This is quite easy, actually.
xy = [4.4 2.367224698
21.1 0
37.8 -1.857318083
54.4 -3.276015126];
x = xy(:,1);
y = xy(:,2);
Now, you want to force a quadratic polynomial to go through y==0, at x == 21.1.
The simple solution is to fir a quadratic model of the form
y = a1*(x - 21.1) + a2*(x - 21.1)^2
So with effectively no constant term. What happens when x == 21.1? WE GET ZERO! See how nicely it works? Yes, it is true, that IF you expand it out there would be a constant term. And that is why you use this form for the model.
That quadratic model is not difficult to fit, either.

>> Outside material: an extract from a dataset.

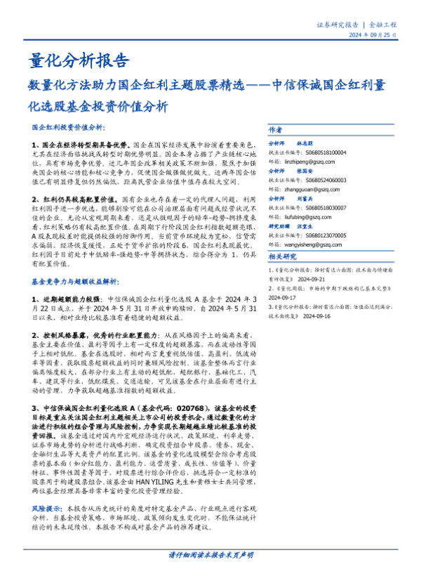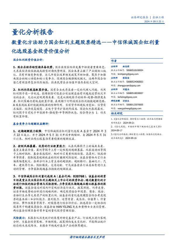 【国盛证券】【20240925】中信保诚国企红利量化选股基金投资价值分析:数量化方法助力国企红利主题股票精选-14页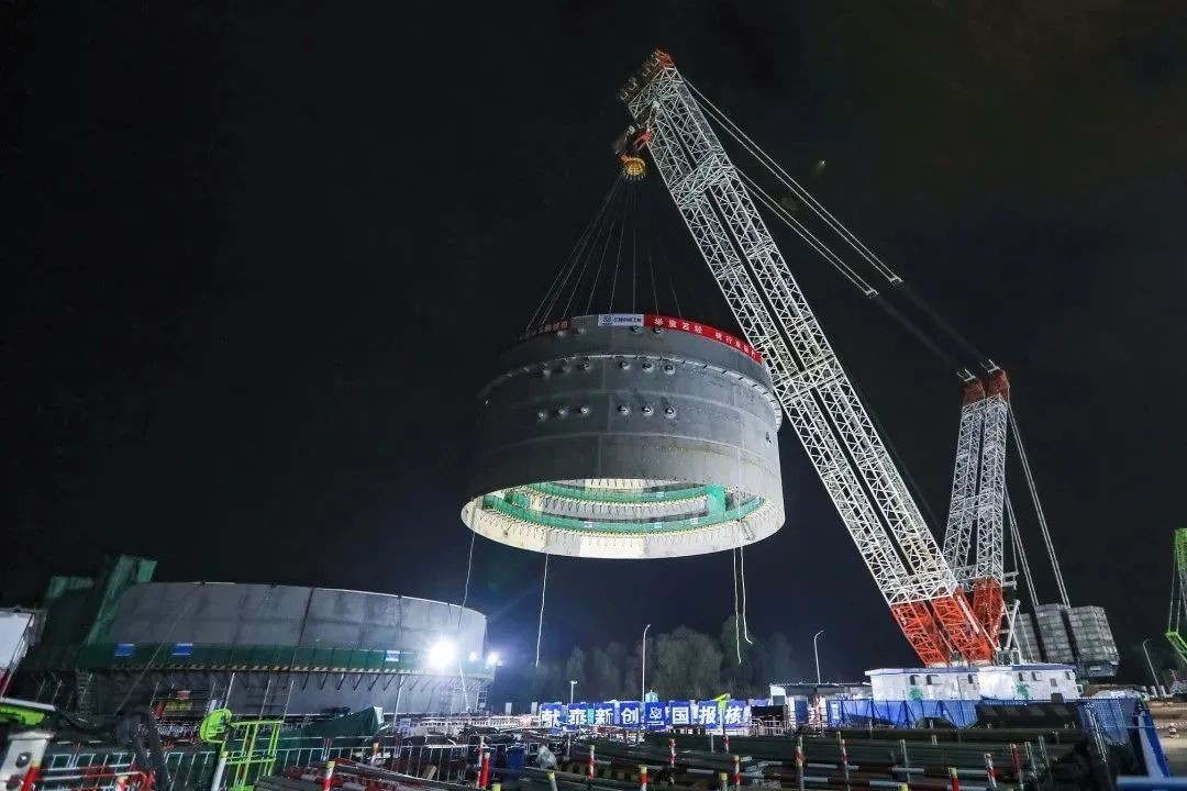 “玲龍一號” 核島鋼制安全殼(CV)上部筒體吊裝就位。——2022.07.06

a12 = [x - 21.1,(x-21.1).^2]\y;
a1 = a12(1)
a1 =
-0.126909925659631
a2 = a12(2)
a2 =
0.000863233648946335
The model is simple to evaluate.
ypred = a1*(x - 21.1) + a2*(x-21.1).^2
ypred =
2.36014299087048
0
-1.8786485261612
-3.26886936348561
As you can see, it passes EXACTLY through the point (21.1,0).
Could we have gotten this in the form of a 2 parameter model, so with 3 coefficients? Well yes. That would take slightly more effort, but still quit doable.
Perhaps simplest, if we wanted to find the 3 parameter quadratic that has the indicated behavior from a1 and a2, we could just expand the polynomial. Pencil and paper will suffice. Thus is we have this function:
a1*(x - 21.1) + a2*(x-21.1).^2
then in the form
b0 + b1*x + b2*x.^2
We would have
b2 = a2
b1 = a1 - 42.2*a2
b0 = 445.21*a2 - 21.1*a1
Again, if we use this to predict the value for the vector x, we see:
b0 + b1*x + b2*x.^2
ans =
2.36014299087048
-6.10622663543836e-16
-1.8786485261612
-3.26886936348562
The second element of that vector is non-zero, but only by an amount that corresponds to floating point crap in the last significant bits of the number. 6e-16 is effectively zero here.